Keep your load down; cycling will be more enjoyable and your bike will have fewer mechanical problems. You probably need less than you think you do. Even if you’re strong enough to haul a heavy load for extended periods, your bike will thank you for judicious packing. Rims, bearings and drive train will last longer.

We weigh each item we’re considering on a kitchen scale. A packing list for any trip is highly personal; it depends on expected weather, proximity of bike shops, your needs, and more.

If chances of a cold snap are small, and if warm clothing can be bought along your route, consider leaving bulky “just in case” items at home. Instead, buy a few things if a cold snap hits.

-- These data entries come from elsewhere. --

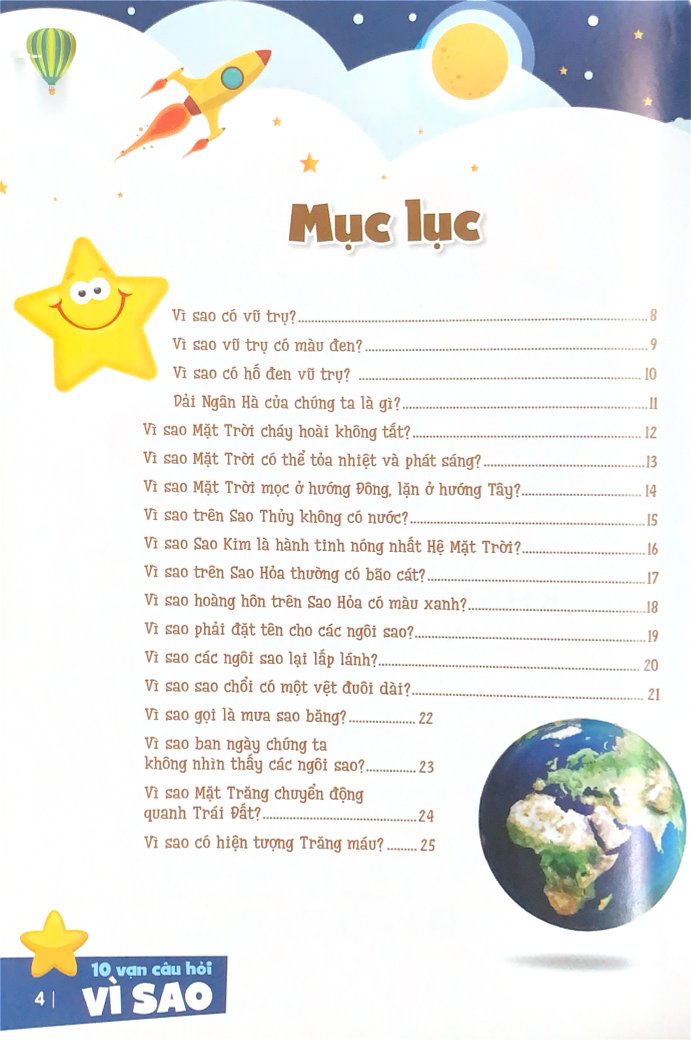 - Giới thiệu Thế giới xung quanh chúng ta vô cùng kỳ diệu nhưng cũng đầy bí ẩn. Trẻ nhỏ, đặc biệt là ở lứa tuổi thiếu nhi thường rất hiếu động và tò mò.= Trẻ không ngừng đặt ra những câu hỏi vì sao? tại sao? để khám phá và học hỏi thế giới xung quanh. Có những câu hỏi bố mẹ có thể trả lời, nhưng cũng có những điều thật khó để giải thích một cách đơn giản, dễ hiểu. Bộ sách “10 Vạn Câu Hỏi Vì Sao” chính là giải pháp cho các bậc phụ huynh giải đáp vô vàn thắc mắc từ các thiên thần nhỏ chủa mình. Bao gồm nhiều chủ đề khác nhau:
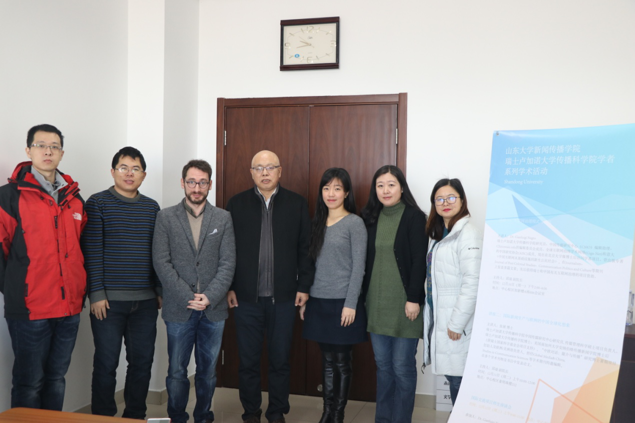 瑞士卢加诺大学学者与我院教师座谈 12月12日上午,瑞士卢加诺大学传播科学院研究员Gianluigi Negro博士、瑞士卢加诺大学传播科学院中国传媒研究中心研究员张展博士来访我院并进行座谈,我院常务副院长刘明洋教授、副院长邱凌副教授以及冯强副研究员、袁晓川副研究员、青年教师于智源参加了此次座谈。刘明洋院长首先对Gianluigi Negro博士以及张展博士的到来表示欢迎,并就学院建设与学生培养的基本情况做了简要介绍。座谈会上,张展博士与Dr.Gianluigi Negro从课...
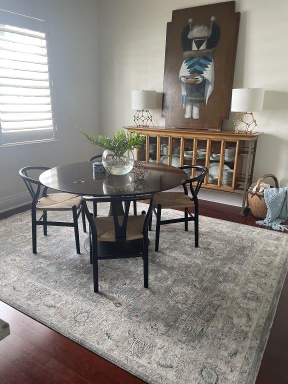 Found & Fable is a new collection that lets you explore what's right around the corner. Choose your own adventure every day. Savor it all and say yes to what comes next-exclusively At Home. Bring modern bistro style to your dining room with this set of two black and rattan Denise wishbone dining chairs. We love using this set on its own as accent furniture or in multiples around a table. Each chair is made of painted black wood and natural woven seat. It features a rounded spindle back and an open lumbar area.

You can start with other travellers’ packing lists, but blindly copying someone else’s list doesn’t work. Refine your personal list by annotating it soon after returning a trip when practical thoughts are still in your mind.

For a starting point only, here are some of our lists:

  • Cuba  – January. Casas particulares, campismos , bivouac. Tropical climate.
  • Spain – May. Pilgrim hostels, hostales, hotels, prepared to bivouac.
  • Eastern Europe – September-October. Camping, hostels, hotels.
  • Bangkok to Paris – An eleven month journey across a wide range of climates and cultures. This list was prepared before the journey and annotated upon returning.


Front panniers –something we didn’t have in the 1970s– have greatly improve bike handling compared to having nearly all the weight at the rear. Some suggest 50/50 weight distribution front/rear, about what we do. Put denser items (tools, guidebooks, cooking kit) in the smaller front panniers, and bulkier lighter ones (clothing, sleeping bags) in the rear.

Weight in your front panniers should be roughly even from side to side, or steering is affected. Side-to-side balance isn’t critical for rear panniers.

Keep passports, cameras, sunglasses, some local currency easy to take when you leave your bike. Chris takes his rack trunk when he moves away from his bike; Margo takes a handlebar bag. To minimize loss in case of petty theft, keep key travel documents, larger amounts of money, and bank cards, distributed in separate tucked-away locations.

We’ve tucked copies of our passport pages inside our seat posts. Wads of bills can be concealed in seat tube, handlebars, or behind pannier stiffeners. Note: This is for countries that are off the normal banking grid (Iran etc.) or where crisp new bills are needed for visas.

Margo has put small pieces of different coloured tape on each bag, and corresponding coloured tape on racks. This makes it quicker to mount panniers on racks, and helps us remember where key items are. The colours become mnemonics: “British Passport is red, so red tape.” or “Visa card is gold, so yellow tape.”

You’ll naturally develop a packing system that works for you.


Make a periodic critical inventory:
Have I been using it? Will I need it? Could I manage without it?

Use mail or courier to send home what you don’t need; give things away, especially if mail costs are high and someone local can make good use of them. Offer relevant maps and guidebooks to a traveller going the other way. Be grateful for any maps you are offered!